Ishrat Akhter paying attention to her coach’s instructions at a Chennai training camp. (Hassan Ajaib)

On August 26, there was a knock on the door of Akhter’s house…almost a rerun of that fateful night four years ago. When Akhter’s father Rashid opened the door, he saw a few Indian Army soldiers with a photo of her daughter. He was scared.

“But the army man congratulated me and told me that my daughter had been selected to attend the Indian Camp at Chennai. I hugged Ishrat and we both cried,” said Rashid.

The police and the Army helped Akhter reach Chennai just in time. At the end of the camp she made the cut for the Asia-Oceania Wheelchair Basketball Championship in Thailand that was going to be played later that year.

The Thailand trip changed everything for Akhter and her family.
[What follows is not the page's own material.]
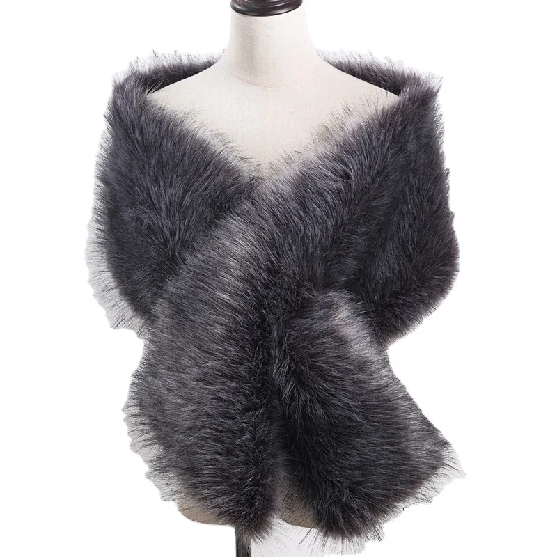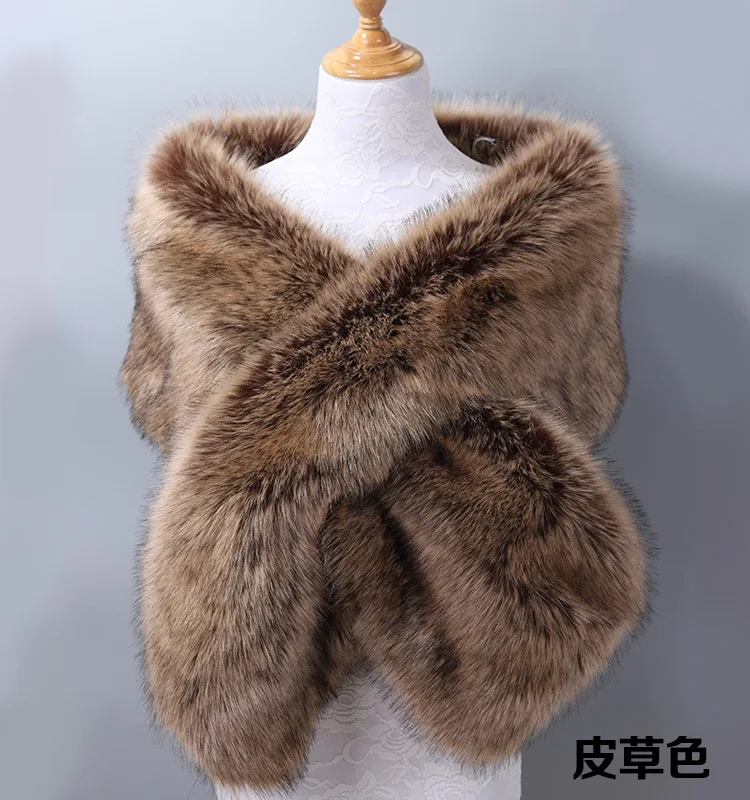 Nuove donne alla moda di lusso caldo scialle di pelliccia di volpe sintetica signore di inverno sciarpa di peluche avvolge mantello cappotto da sposa lungo mantello sciarpe Wh15

She was felicitated by the Minister for Communications, Electronics & Information Technology and Law and Justice of India, Ravi Shankar Prasad and started getting invitations to deliver motivational speeches.

“The way people listen to my speeches motivates me further. I practice even harder, and I am now eyeing the Paralympics which has been postponed due to Covid-19” she says. Akhter has also resumed her studies after a gap of four years.